A 2016 pilot study observed that marijuana patients with bipolar disorder could experience reduced symptoms compared to those who don’t use the herb.

The former group also displayed better moods, translating to a positive outlook. 

It’s worth noting this research is only anecdotal, and cannabis may affect each patient differently.

Studies are ongoing to determine the long-term effects of weed consumption on bipolar disorder. 

Does Marijuana Affect Human Emotions?

How does weed affect you emotionally? 

Smoking, vaping, or ingesting marijuana produces psychoactive effects known as a “high.” The aftermath might be feelings of happiness, relaxation, talkativeness, creativity, and giggling.

Some users report experiencing music and colors through a brighter and sharper perspective.

How does this happen? THC is the main cannabinoid in marijuana, inducing laughter and happiness, especially if you consume a strain with high levels of the compound.

The compound interacts with the endocannabinoid system’s receptors, some of which sit in brain sections regulating mood.

THC binds to these cells and triggers a biological response, boosting your feelings and causing happiness. 

Other weed cannabinoids like CBD may also elevate your happiness depending on how you react to their relaxing and calming effects. These sensations can make you more comfortable and social by repulsing negative feelings. 

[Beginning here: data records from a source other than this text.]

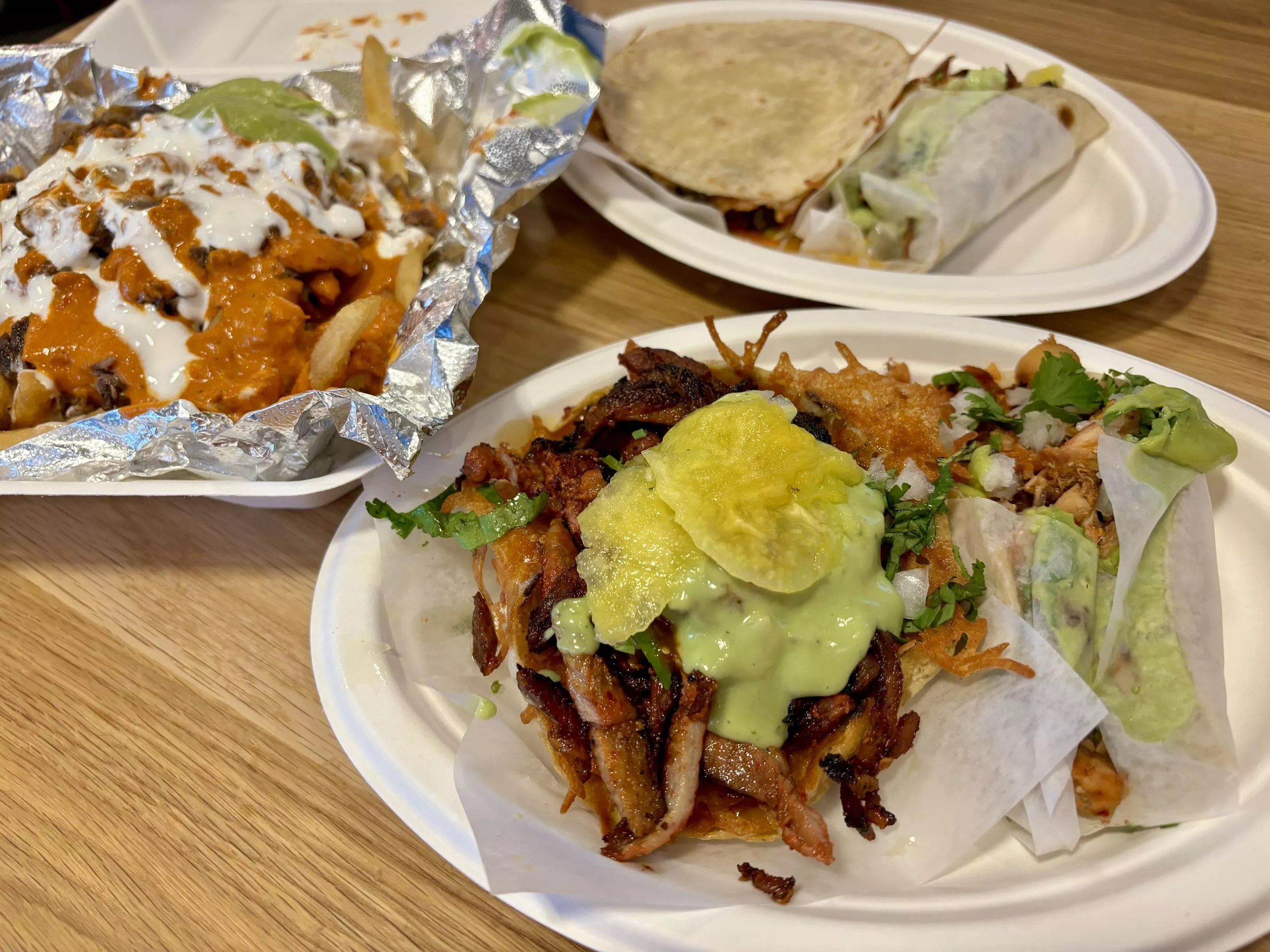 Gather yourself after eating the supremely spicy fries and enjoy the atmosphere of this fun new spot. Loud Spanish pop blares overhead and the high-energy staff serve customers while throwing in a few dance moves behind the counter. On the way out, the chorus picks back up with a collective “Buenas noches!” for every customer walking through the door.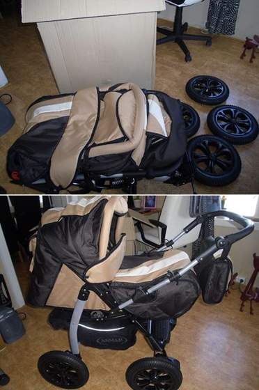 szajs jak nic, po pierwszym spacerze mialam go dosc... po miesiacu szukalam nowego w pl i powiedzialam sobie ze nie wydam wiecej jak 500zl, no i kupilam nowy wozek za 399zl :-) i uzywamy go to tej pory i jest nie do zajechania, ma super duze popmpowane kola i co najlepsze mala jezdzi do tej pory w takiej jak by gondoli i mam spiworek wlozony w srodek. Bo dla noworodka wklada sie tylko torbe do srodka a pozniej jest taka duzaa godola z zakrytymi nozkami, pasami, podnoszonym oparcie, to na nozki mozna zmenic na palak i tak jezdzilam latem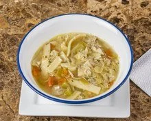 A comforting classic with tender chicken, noodles, and broth.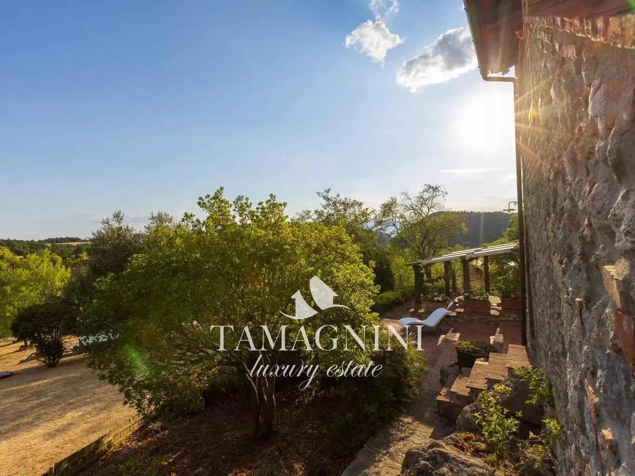 country house in Tuscany Valdorcia, today it's an charming countryside villa with panoramic views, offering absolute privacy and easy access with an excellent road surrounded by centuries-old oaks, cypresses, olive trees and almond trees. The home has a elegant structure of classic taste with large representative spaces, the hilly position and the particular large arched windows offer a spectacular views of the surrounding countryside; arranged on two levels for a total About 400 square meters. Ground floor composed of: entrance to triple living room with original stone arches, connected to the dining area, relaxation lounge with fireplace, the large characteristic Tuscan kitchen, the guest bathroom, as well as small two-room apartment for guests An internal staircase connects to the first floor consisting of a large hallway , four bedrooms and en suite bathroom, as well as another study room with fireplace, bathroom, with further access directly from an external staircase. In the home there are further accessory compartments. The driveway is planted with cypresses, there are olive and almond trees, patches of gorse, and in the garden lavender and rosemary, completed by 13 hectares of land.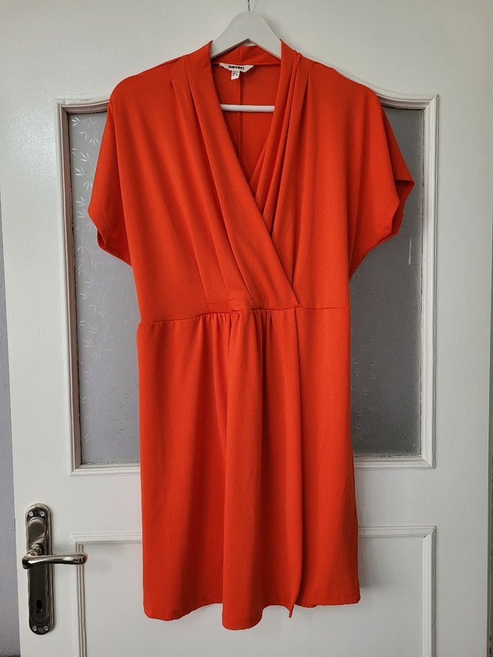 V yaka, kısa kollu, drapeli kırmızı elbise. Rahat kesimi ve midi boyu ile ofis kullanımı için uygundur.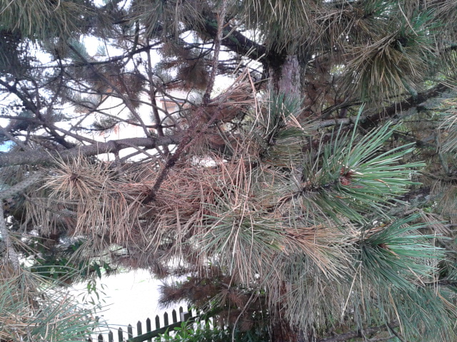 Depuis quelques temps, ce grand pin perd des aiguilles en quantité importante, a priori en commençant par le bas de l'arbre, et plutôt du tronc vers le bout des branches. La chute des aiguilles prend des proportions inquiétantes : elles s'en vont par poignées entières, et le problème gagne vers le haut de l'arbre. Je crois discerner des petits points noirs à la base des aiguilles malades, de la taille d'une tête d'épingle. Pas d'écoulement visible de résine.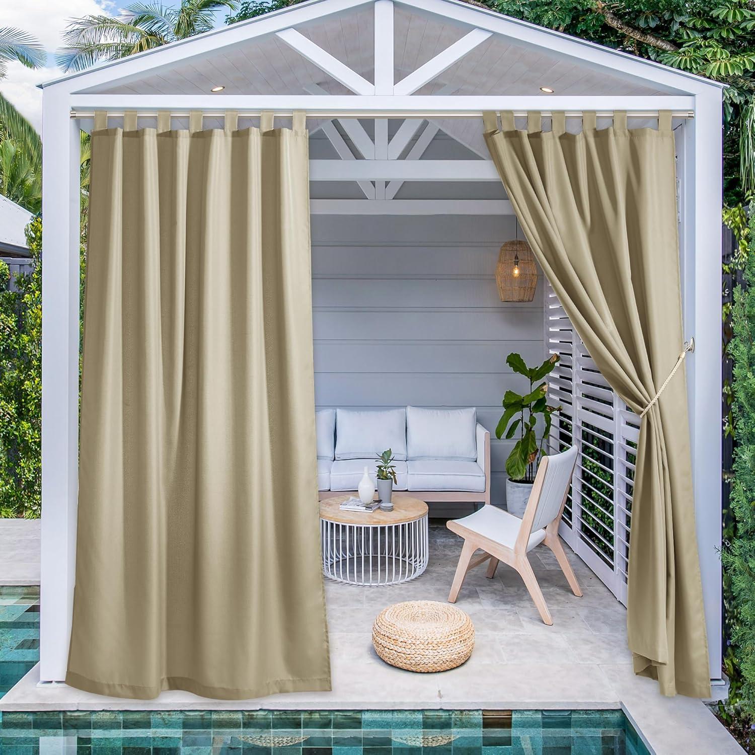 GOOD PERFORMANCE: NICETOWN sticky tab top outdoor curtain will fit both indoor and outdoor living which will be a safe and privacy divider of public such as porch, balcony, patio, cabana or garden.

Marijuana and Mental Health: A Potent Alternative

Weed and mental health is a broad discussion backed by constantly evolving research. Already published scientific studies look promising, but further investigation is imperative to assess the full impact. 

So far, only 37 states, four territories, and the District of Columbia have authorized medical marijuana use.

Such latitude gives the herb more accessibility for patients seeking alternative treatments for different conditions. 

Some find marijuana beneficial for depression, anxiety, and chronic pain. Others turn to particular weed strains to induce happiness and relaxation.

Regardless of your reasons, it’s best to consult your doctor to determine if it’s the right remedy.